Oxytocin release modulates acute neuroinflammation and improves brain development after pediatric traumatic brain injury

Pediatric traumatic brain injury (TBI) is a leading cause of death and disability early in life in infants, and its neurodevelopmental consequences cannot currently be effectively treated. Since TBI is associated with neuroinflammation, modulation of the post-injury neuroinflammatory response is a promising strategy. Oxytocin is thought to have anti-inflammatory properties and appears to play a role in clinical interventions that improve brain development in neonates. However, the underlying mechanisms remain unclear, as does its applicability to acute brain injury. Here we investigate the effects of chemogenetic modulation of endogenous oxytocin on acute neuroinflammation and on long-term brain development after TBI in postnatal day 7 (P7) male mice.
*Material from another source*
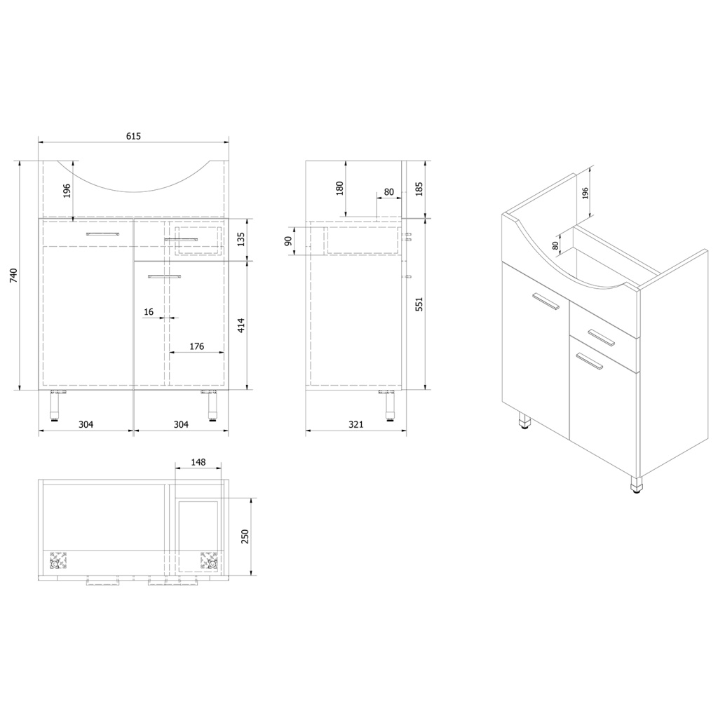 ZOJA umyvadlová skříňka 61,5x74x32cm, 2x dvířka, 1x zásuvka, dub platin Aqualine

We show that oxytocin release attenuates the acute neuroinflammatory response to TBI 24 hours after injury, by reducing the expression of immune- and inflammation-related genes in astrocytes and promoting gene pathways for brain repair and development in microglia. In the long term, oxytocin exposure ameliorates subcortical and cortical white matter damage after TBI, prevents hyperactivity and loss of social behavior, and restores TBI-induced alterations in resting-state functional connectivity of the isocortex. These findings enhance our understanding of the modulation of neuroinflammation and its long-term effects and support intervention related to endogenous oxytocin release as a promising neuroprotective strategy in pediatric TBI.